In the Rockies and California, prices broadly moved lower Wednesday. Rockies trading points located closer to West Texas saw some of the steepest discounts. Transwestern San Juan tumbled 75.5 cents to $1.270.
Southern California Gas (SoCalGas) has delayed the return to service of its Line 235-2 and Line 4000, two critical import lines for the utility, according to Genscape analyst Joe Bernardi. Previously expected to be fully restored by next week, L235-2 is now expected to resume flows at a reduced pressure starting May 4, according to the analyst.
“Capacity through L235-2 has been limited for over a year and a half following a force majeure explosion,” Bernardi said. “SoCalGas discovered two additional leaks on this line during testing on Saturday (March 23) and concluded that the required additional work would take at least one month to complete.
“L235-2 exploded on Oct. 1, 2017. It is one of three significant import lines that required unplanned reductions that fall. Those reductions — combined with restrictions already in place at the Aliso Canyon storage facility — significantly exacerbated price volatility for the Southern California gas market.”
The delays bringing L235-2 back online have also pushed back the work schedule for the L4000 line, as SoCalGas plans to begin work on that line once L235-2 is back in service, according to Bernardi.
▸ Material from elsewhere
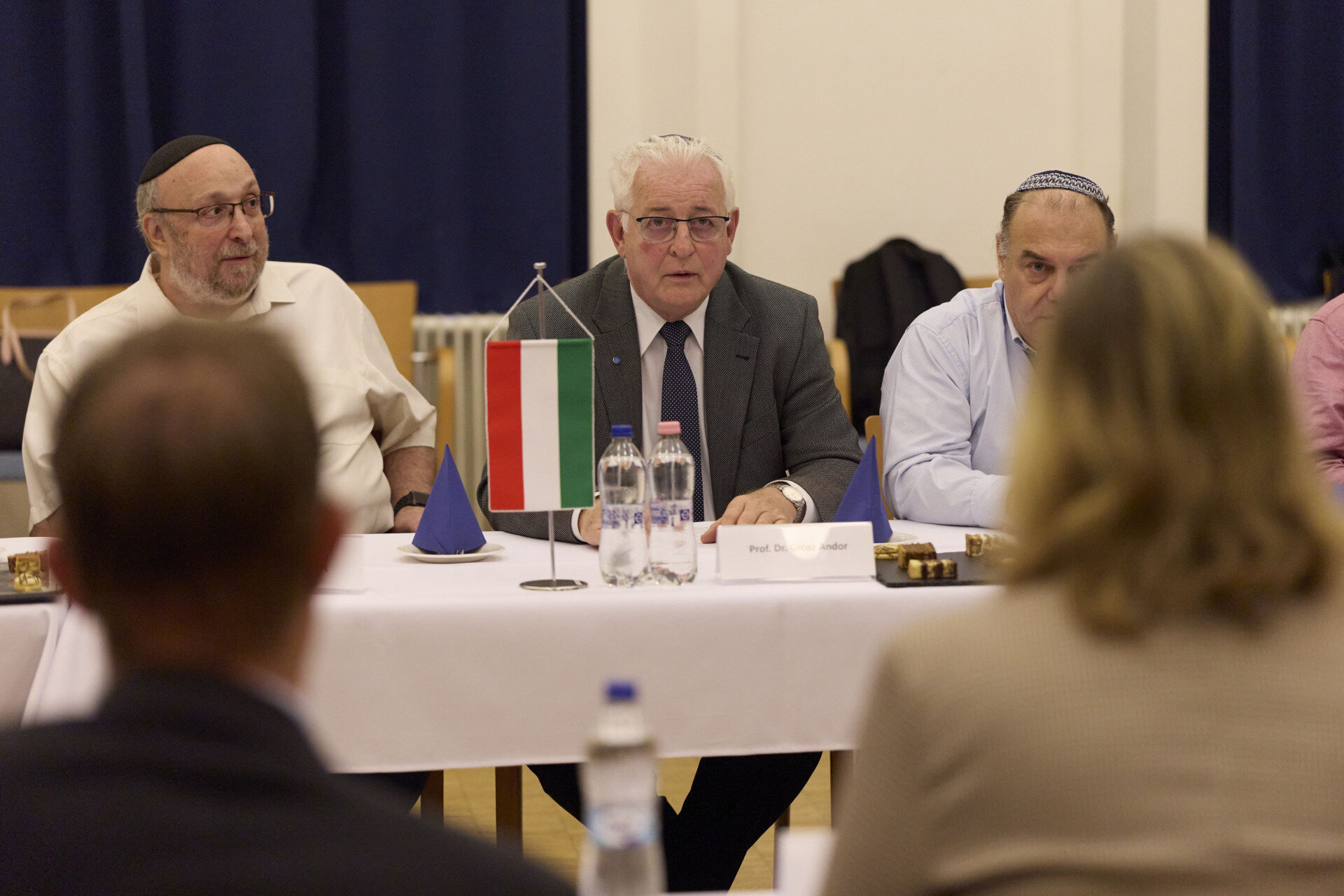 A Mazsihisz elnöke a delegáció előtt röviden vázolta a magyar zsidó közösségek életét a holokauszt előtt és után, majd hangsúlyozta: Európában Magyarország a legbékésebb hely abból a szempontból, hogy nálunk mindenki szabadon megélheti zsidóságát. Hozzátette: ez részint a magyar kormány politikájának, másrészt a kormányzat és a magyar zsidó közösség közötti, jó együttműködésnek köszönhető. Dr. Grósz Andor kiemelte: a Mazsihisz nem kíván aktuálpolitikai ügyekben megnyilvánulni, ám a felekezet vezetése felemeli a hangját minden olyan esetben, amikor a zsidóságot sérelem éri. Elhangzott: a Mazsihisz minden rendelkezésre álló eszközzel támogatja azt a magyar külpolitikai irányvonalat, amely következetesen kiáll Izrael biztonsága és legitimációja mellett.

“Before these two newest leaks on L235-2 were announced, SoCalGas was expecting this capacity reduction to remain in place through June 1, when the reduction was to change from 1,067 MMcf/d to 900 MMcf/d. That is, there were no changes to flow capacity expected from the return of L235-2 alone,” the analyst said. “SoCalGas has not yet provided an updated maintenance calendar showing how its future operating capacity expectations may change as a result of this newest delay.”
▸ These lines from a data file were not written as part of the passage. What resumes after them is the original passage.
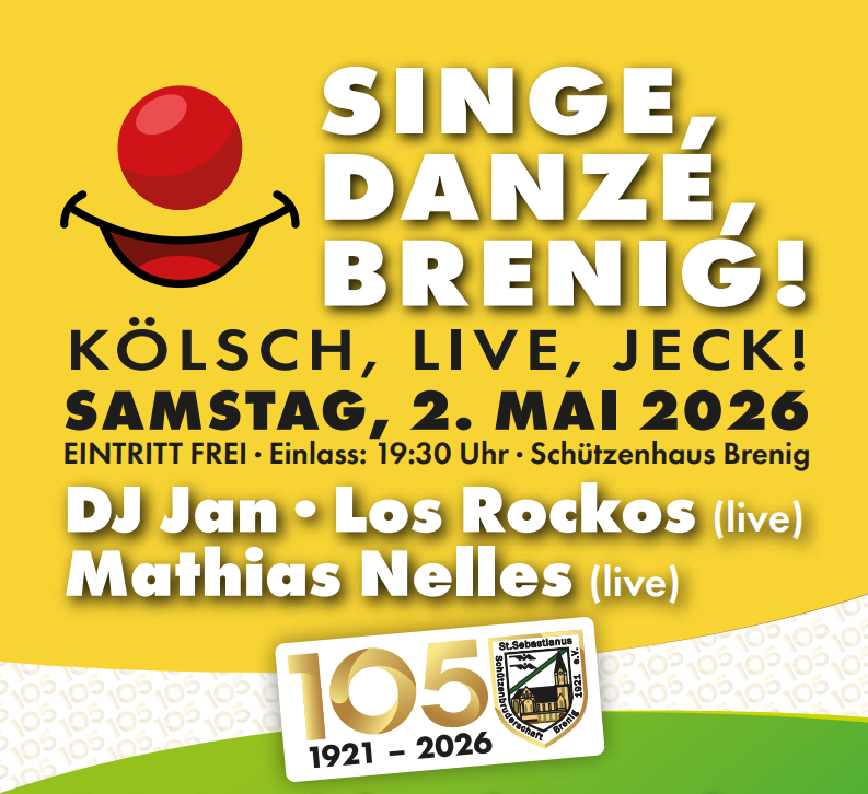Kölsche Musik, Mitsingen und ausgelassene Stimmung: Unter dem Motto „Singe, Danze, Brenig!“ feiern die Breniger Schützen ihr 105-jähriges Jubiläum mit einem besonderen Abend im Schützenhaus Brenig.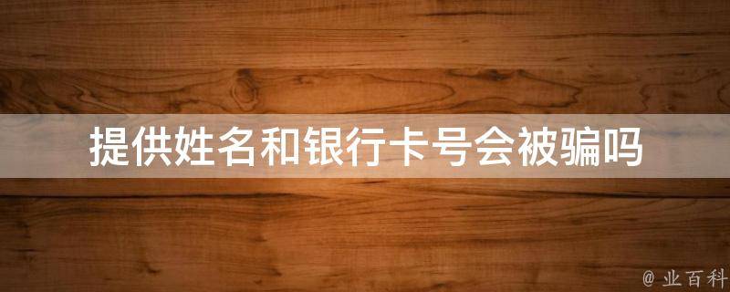 提供姓名和银行卡号可能会被骗。如果提供姓名和银行卡号的人是银行内部的人,那么对方可以通过你的账号查询到你的余额,或者是你的历史记录。如果提供姓名和银行卡号的人是诈骗人员,那么对方可能拿你的账号在网上开通电子银行,故意锁密码等。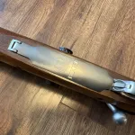 Ruger Hawkeye Hunter in 30-06. Free-floated, 22-inch old hammer-forged stainless steel threaded barrel with 5R rifling, with a stainless control-round feed bolt. Very accurate rifle. Shoots sub-moa with 180gr Sako Gamehead. Engraved hinge floor-plate (4 rounds). 20 MOA picatinny rail secured with four #8-40 screws overtop the Ruger integral scope mounts, directly on the solid-steel receiver. Nice walnut stock with the classic red rubber buttpad. Comes with the Ruger LC6 trigger.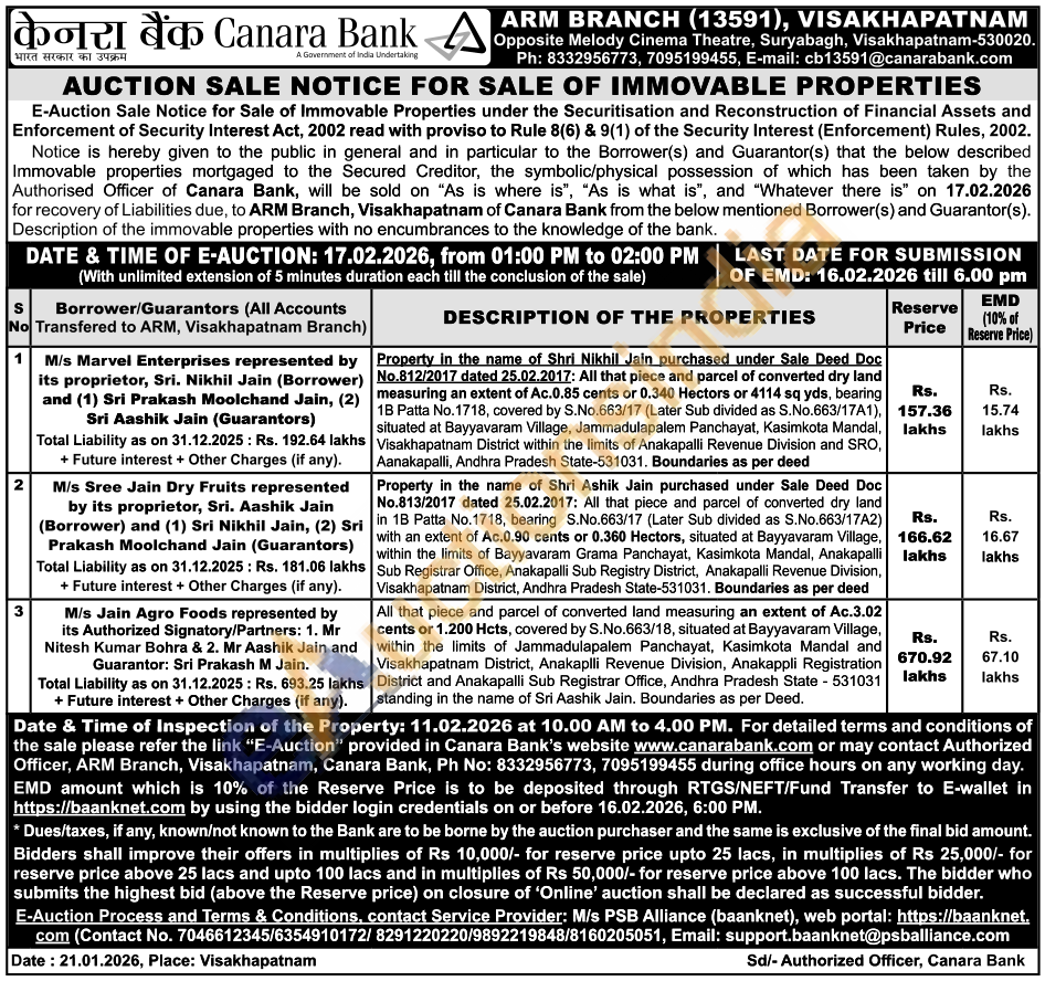 All that piece and parcel of converted land measuring an extent of Ac.3.02 cents or 1.200 Hcts, covered by S.No.663/18, situated at Bayyavaram Village, within the limits of Jammadulapalem Panchayat, Kasimkota Mandal and Visakhapatnam District, Anakaplli Revenue Division, Anakappli Registration District and Anakapalli Sub Registrar Office, Andhra Pradesh State - 531031 standing in the name of Sri Aashik Jain. Boundaries as per Deed.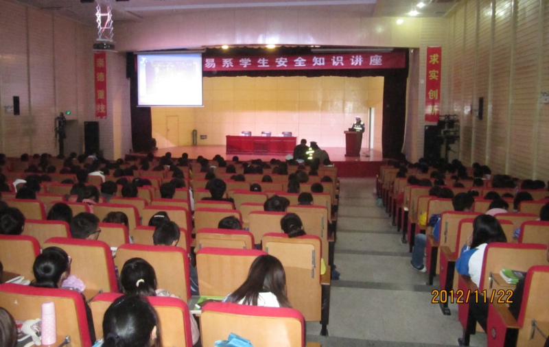为了构建和谐、平安的校园环境,提高学生的安全意识,强化校园安全文化教育,营造校园安全氛围,引导学生树立安全理念,11月22日下午经贸系在大学生活动中心举行安全知识教育专题讲座。巢湖市公安局交通警察大队三中队指导员张鸿飞、院学生保卫处处长祝建平,分别就交通和公共安全进行了讲解,经贸系近500名大一学生聆听了讲座。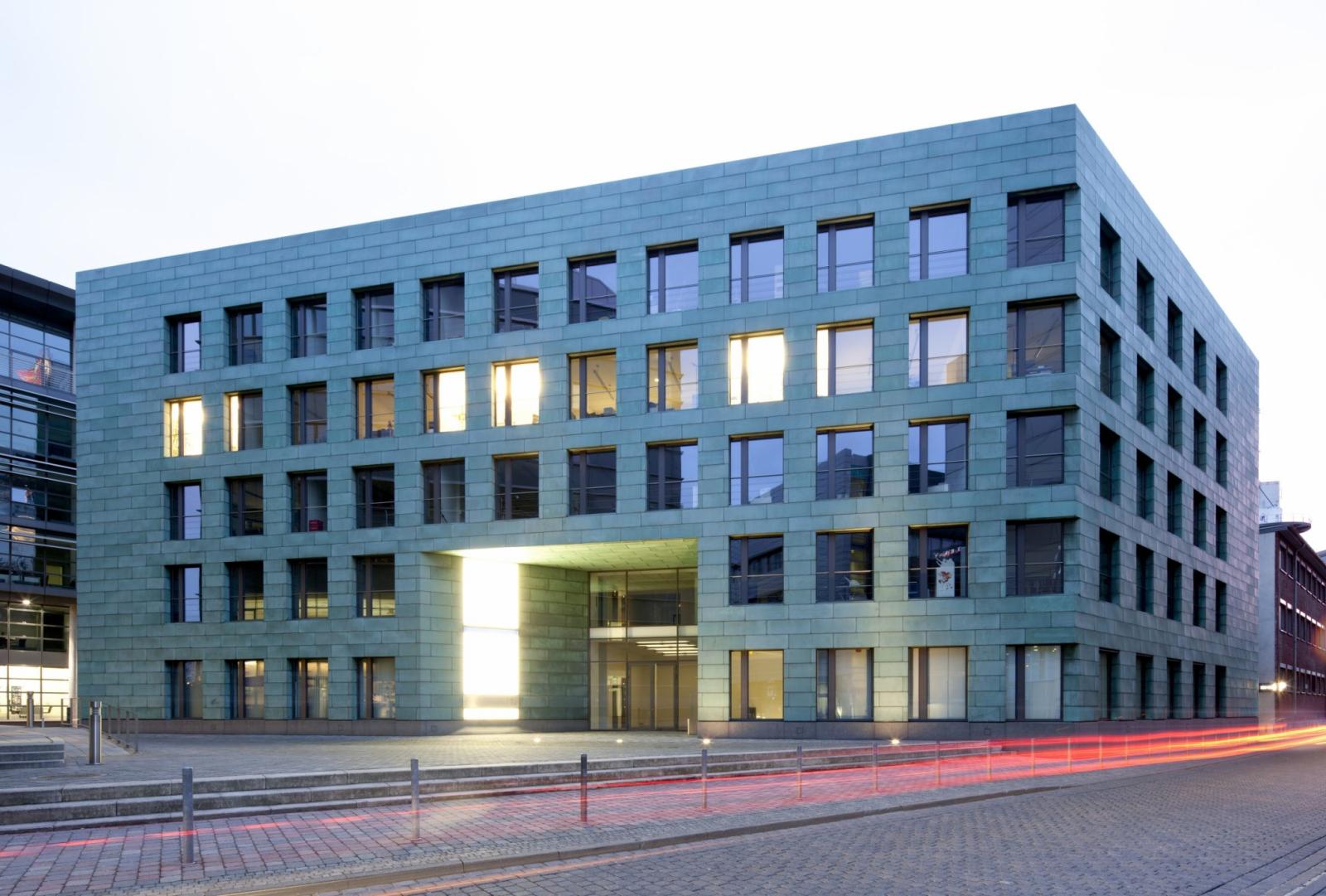 Die Gesamtbaumasse gliedert sich in eine Gesamtüberbauung des Grundstücks im Erdgeschoss mit Ausnahme der Platzfläche, aus der der fünfgeschossige, parallelogrammförmige Hauptbaukörper und ein kleinerer dreigeschossiger Dreieckskörper zum Zollhof hin herauswachsen. Die Höhe des Dreiecks orientiert sich an der Nachbarbebauung, an deren Giebelwand angebaut wurde.

With mild temperatures forecast throughout the Lower 48, discounts of a nickel or more were the norm for most regions.
Steeper losses in the Northeast accompanied forecasts for a significant warm-up from chilly temperatures earlier in the week.
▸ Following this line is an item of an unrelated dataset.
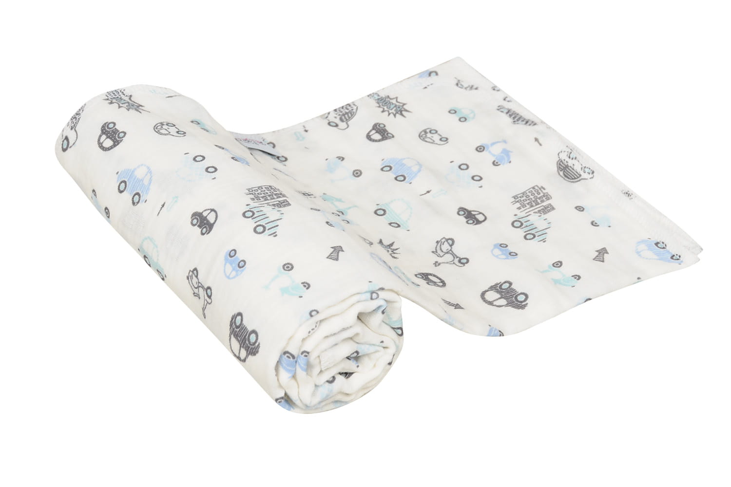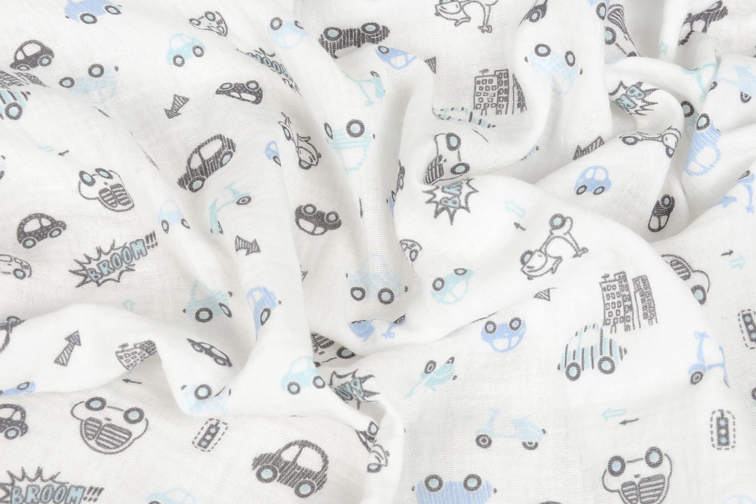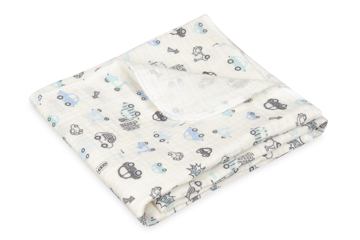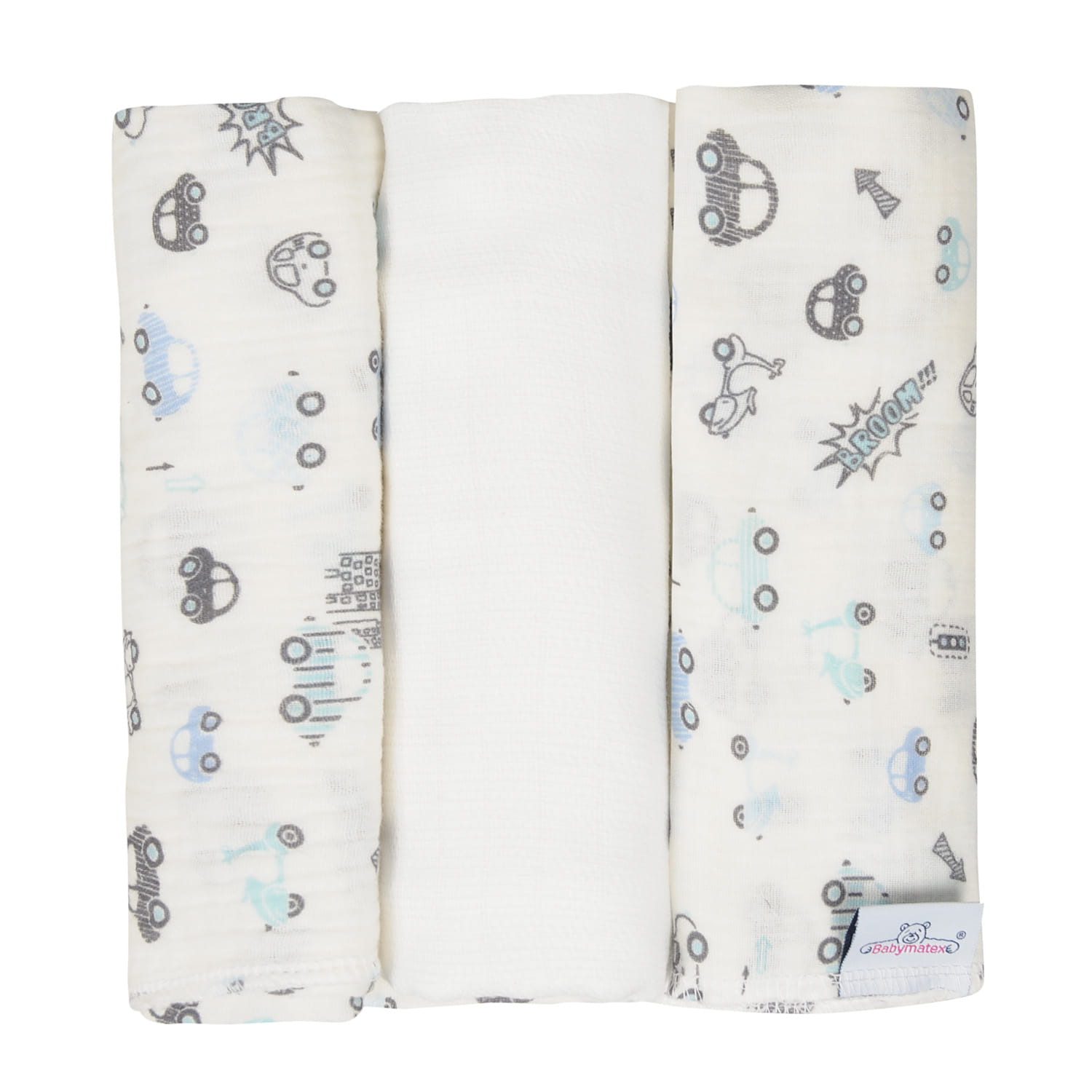 Pielucha MUSLIN DESIGN 3pak 70x80 Biała W Autka

“Over the southern U.S. and the East Coast, an expansive area of high pressure should maintain a relatively tranquil weather pattern over the next couple days,” the National Weather Service said. “Areas of precipitation should be limited, other than some light showers in the interior Northeast, and temperatures are expected to gradually warm up through the end of the work week.”
Radiant Solutions was calling for temperatures along the Interstate 95 corridor to flip from around 5 degrees below normal Wednesday to 10-15 degrees above normal by Saturday, when Boston and New York were expected to see highs reach the low- to mid-60s.
Maintenance could cut close to 0.4 Bcf/d of flows through Transco’s Zone 4 in Alabama “well into mid-April,” but milder shoulder season demand levels and re-route options should mitigate the market impact, according to Genscape analyst Josh Garcia.
Starting Friday (March 29), Transco is scheduled to begin modifications on its Mainline E near Station 84 in Zone 4, the analyst said.
“Capacity at the Scott Mountain interconnect with Gulf South in Choctaw County, AL, will be limited to 750 MMcf/d from April 1-20,” Garcia said. “Scott Mountain is the single largest interconnect on Transco, maxing out at 1,426 MMcf/d in receipts over the last 30 days, although flows have trended downwards over the last few weeks with warmer weather. The capacity reduction will restrict about 387 MMcf/d compared to the previous two week average.
“Several factors are mitigating the upside risk of this event,” according to the analyst. “Temperatures in the Southeast are getting milder by the day, and demand should move to shoulder season ranges pending weather volatility. Furthermore, Transco has two other receipt interconnects with Gulf South in Zone 4 in the Holmesville or Walthall meters, which have averaged around 450 MMcf/d in available capacity over the last 30 days.”